— SOURCE DATA —

━━━━━━━━━━━━━━━━━━━━━━━━━━━━━━

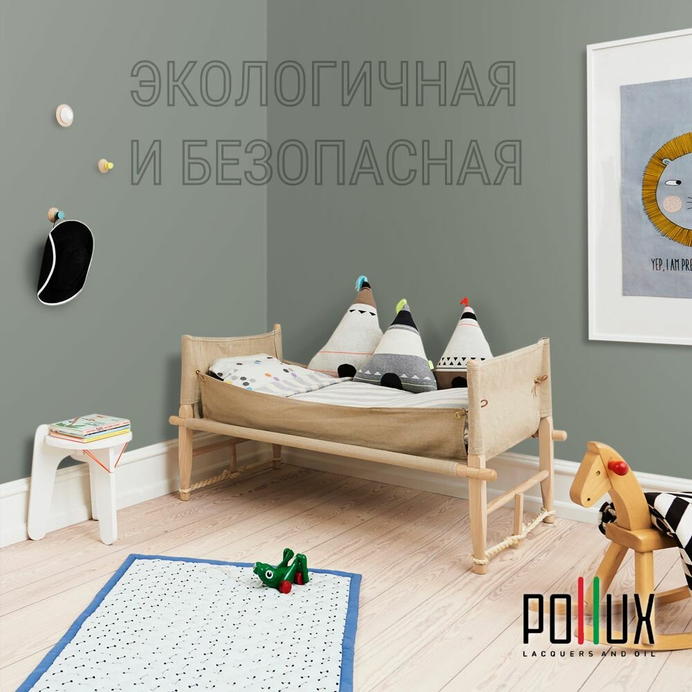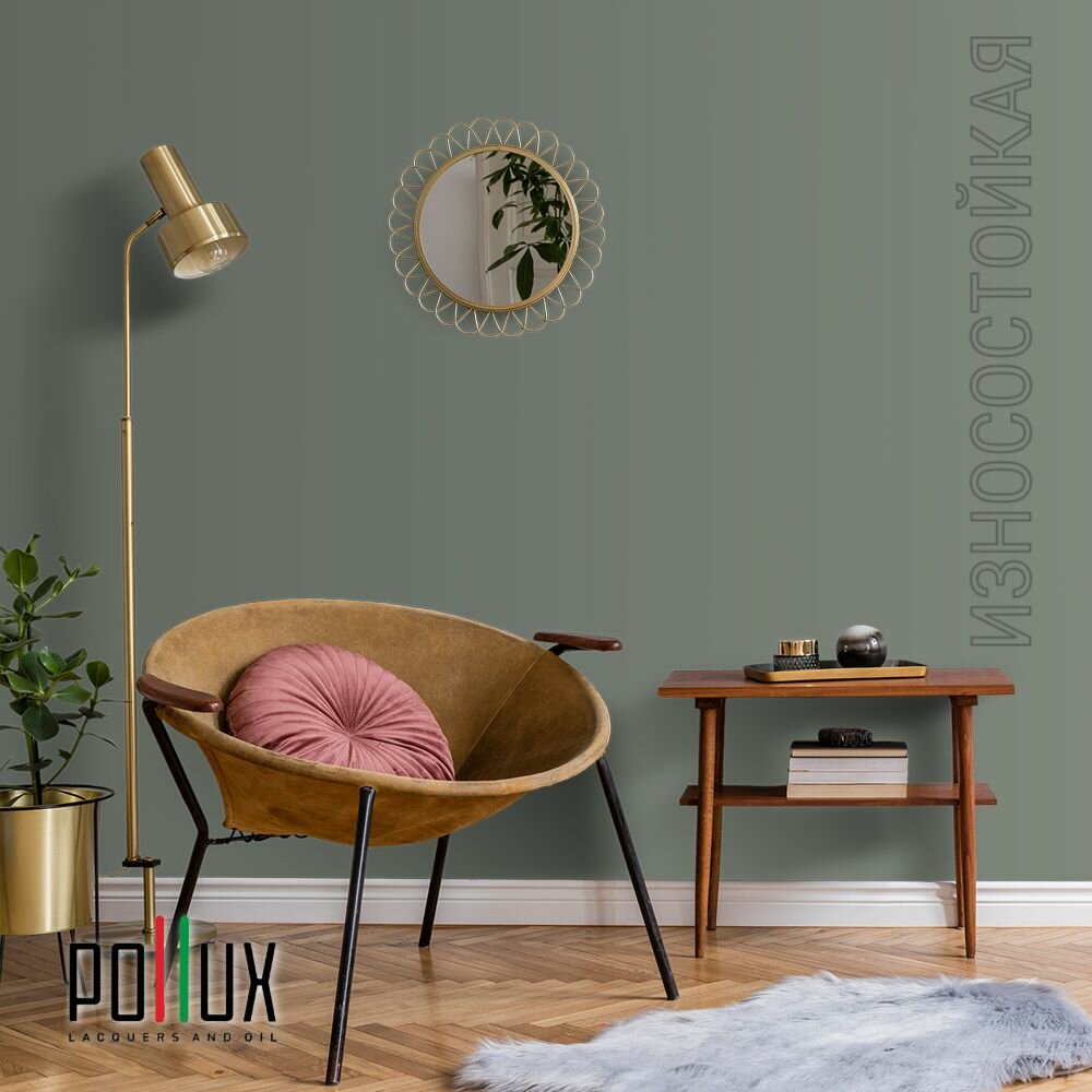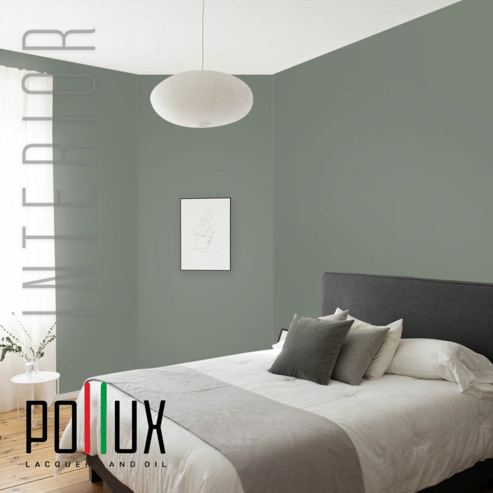 Краска моющаяся интерьерная для стен и потолков, Pollux INTERIOR без запаха, быстросохнущая, акриловая, матовое покрытие, цвет NCS S 4050-G20Y, 1л.
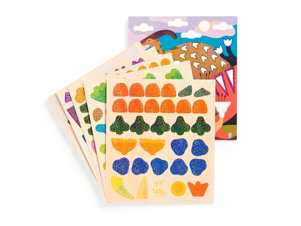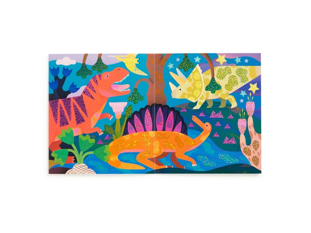 Rozvíjejte fantazii svého dítěte a vydejte se na dobrodružnou cestu do pravěku plnou třpytivých obrázků a zářivých barev! Sada samolepek obsahuje pestrobarevnou scénu prehistorického světa s více než 200 třpytivými holografickými samolepkami.
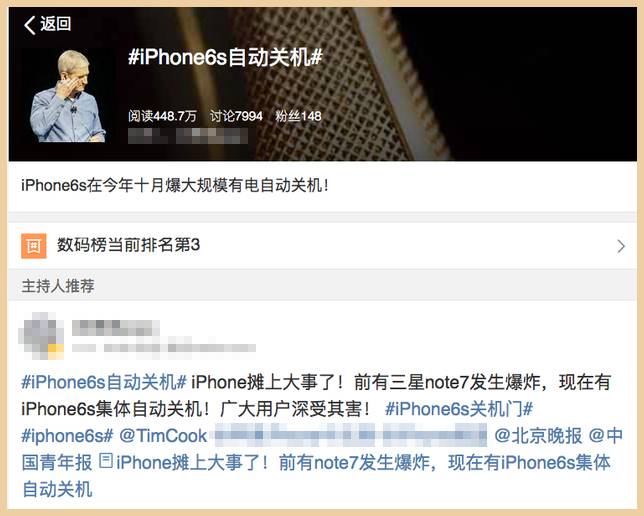 发生问题的用户反应:手机在不同电量情况下(手机电量80%左右同样会出现),均会不定期出现自动关机,并伴有电量快速减少的现象(一分钟掉电百分之一及其以上)。这个问题在百度和微博都搜得到,并且目前排在微博数码类热搜关键词第三位。
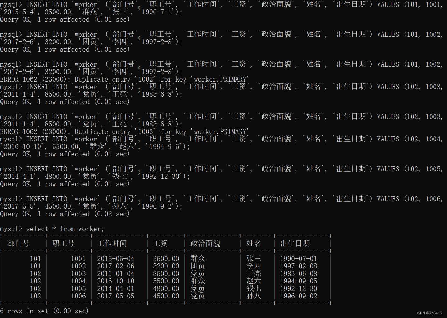 INSERT INTO `worker` (`部门号`, `职工号`, `工作时间`, `工资`, `政治面貌`, `姓名`, `出生

━━━━━━━━━━━━━━━━━━━━━━━━━━━━━━

— WORK TO COMPLETE —
Your task is to reproduce exactly the lines from the one with "Rozvíjejte fantazii svého" to the end of the material, both included, with the pictures left out.

— SOLUTION TO THIS TASK —
 Rozvíjejte fantazii svého dítěte a vydejte se na dobrodružnou cestu do pravěku plnou třpytivých obrázků a zářivých barev! Sada samolepek obsahuje pestrobarevnou scénu prehistorického světa s více než 200 třpytivými holografickými samolepkami.
 发生问题的用户反应:手机在不同电量情况下(手机电量80%左右同样会出现),均会不定期出现自动关机,并伴有电量快速减少的现象(一分钟掉电百分之一及其以上)。这个问题在百度和微博都搜得到,并且目前排在微博数码类热搜关键词第三位。
 INSERT INTO `worker` (`部门号`, `职工号`, `工作时间`, `工资`, `政治面貌`, `姓名`, `出生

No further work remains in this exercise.